WORK REQUIRED:
Leave out the pictures, and retype the remaining data exactly.

RECORDED DATA:
##############################
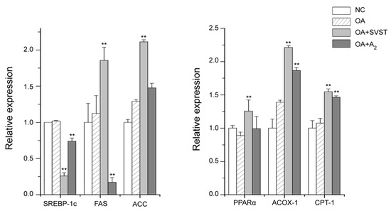 The relative expression of genes related to fatty acid metabolism on fatty acid synthesis genes (SREBP-1c, FAS and ACC) and fatty acid β-oxidation genes (PPARα, ACOX-1 and CPT-1). NC, blank control; OA, 80 μM oleic Acid; OA + SVST, 80 μM Oleic Acid + 10 μM simvastatin; OA + A2, 80 μM Oleic Acid + 10 μM Oleiferasapoin A2. Compared to the control, ** p < 0.01.
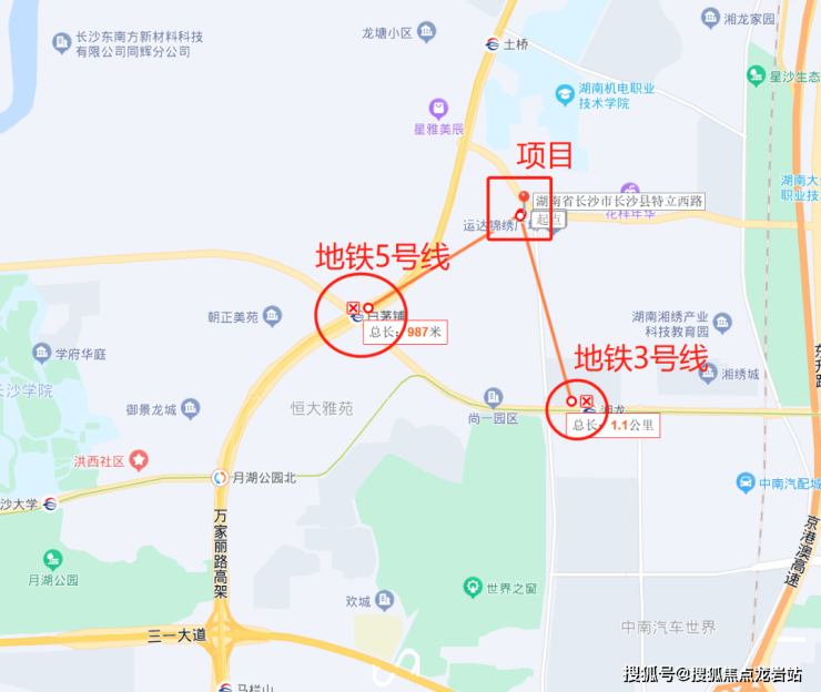 周边5、3号地铁路线加持,距离地铁5号线白茅铺站和土桥站均约1公里,距离地铁3号线湘龙站约1.1公里,立体交通网络通达全市
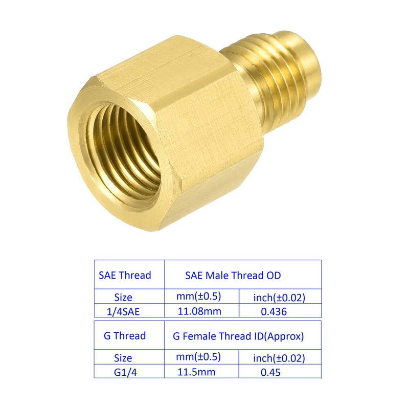 - Package contents: 2 pack of reducer adapters, male thread size: 1/4SAE, female thread size: G1/4, total size: 29 mm x 17 mm / 1.14 inches x 0.67 inches (L x W x H).
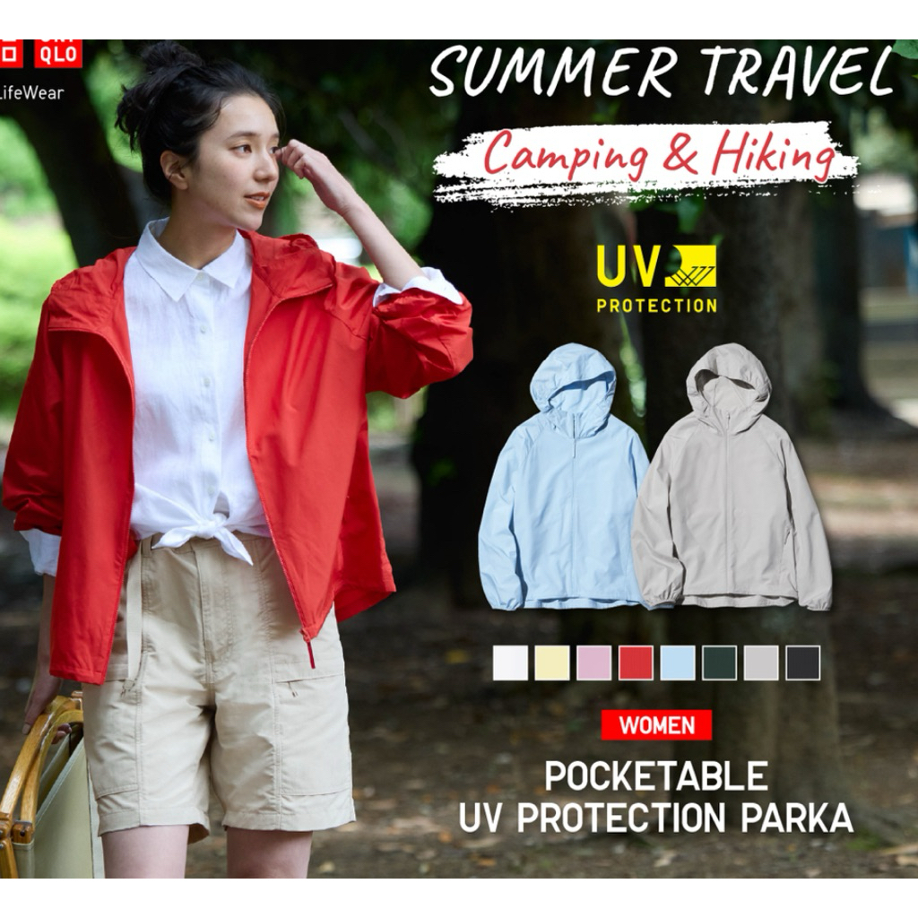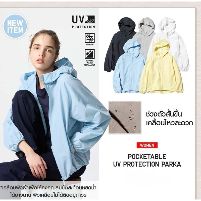 F.Japan & Thai💦 New เพิ่มสีใหม่ เสื้อฮู้ด ทรงหลวม พับเก็บได้ กัน UV Uniqlo Women Pocketable Parka
##############################
YOUR RESPONSE:
 The relative expression of genes related to fatty acid metabolism on fatty acid synthesis genes (SREBP-1c, FAS and ACC) and fatty acid β-oxidation genes (PPARα, ACOX-1 and CPT-1). NC, blank control; OA, 80 μM oleic Acid; OA + SVST, 80 μM Oleic Acid + 10 μM simvastatin; OA + A2, 80 μM Oleic Acid + 10 μM Oleiferasapoin A2. Compared to the control, ** p < 0.01.
 周边5、3号地铁路线加持,距离地铁5号线白茅铺站和土桥站均约1公里,距离地铁3号线湘龙站约1.1公里,立体交通网络通达全市
 - Package contents: 2 pack of reducer adapters, male thread size: 1/4SAE, female thread size: G1/4, total size: 29 mm x 17 mm / 1.14 inches x 0.67 inches (L x W x H).
 F.Japan & Thai💦 New เพิ่มสีใหม่ เสื้อฮู้ด ทรงหลวม พับเก็บได้ กัน UV Uniqlo Women Pocketable Parka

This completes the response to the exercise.